DataFrames, Spark SQL, R

15 / 18

Spark SQL - Working With JDBC

To connect to any database, you need the database specific driver. This driver is also known as the connector is the one that bridges the gap between a JDBC and the database so that every database can be accessed with the same code.

At Cloudxlab, we have already downloaded the MySQL connector and kept in /data/spark HDFS folder. You would first need to copy it to local using hadoop fs -copyToLocal as shown in the code.

Now, we can launch the spark shell with this connector by using --jars argument and also specify the driver class path. This would essentially register the connector or driver and in the future queries to Databases this driver will be used. We are using --jars to make spark run the code in the cluster.

On spark shell, we can use spark.read.format function to create an instance of format and on this format object we can specify the various options. You can see that we have specified url, dbtable, user and password for the database. Here we are trying to connect to MySQL database sqoopex. These settings are also available in "My Lab" section.
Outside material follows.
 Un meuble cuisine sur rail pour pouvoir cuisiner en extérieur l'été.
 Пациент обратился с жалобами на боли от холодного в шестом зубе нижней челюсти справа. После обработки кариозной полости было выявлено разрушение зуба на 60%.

Once we are done specifying all options we can call load which would create the dataframe for the database table. We can take a look at the dataframe using .show method.
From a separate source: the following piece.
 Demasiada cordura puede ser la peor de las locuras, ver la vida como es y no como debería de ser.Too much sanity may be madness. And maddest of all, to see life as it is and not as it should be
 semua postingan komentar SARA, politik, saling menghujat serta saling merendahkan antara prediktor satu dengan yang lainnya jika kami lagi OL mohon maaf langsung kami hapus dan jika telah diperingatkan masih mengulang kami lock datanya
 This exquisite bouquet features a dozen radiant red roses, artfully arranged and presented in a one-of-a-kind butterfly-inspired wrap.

So, once you have a dataframe you can register it like a view and join the SQL table with hive table or data from XML or JSON as we learned in past.

So, what we have learned now is that we can create dataframe from a variety of sources such as JSON, Parquet, Hive, RDBMS, RDDs. We can also save data to various locations and formats.

We can process and combine data from different sources and formats using various transformations, SQL and R like dataframe operations.

There have been many ETL tools that accomplish this but spark can accomplish this on Huge data.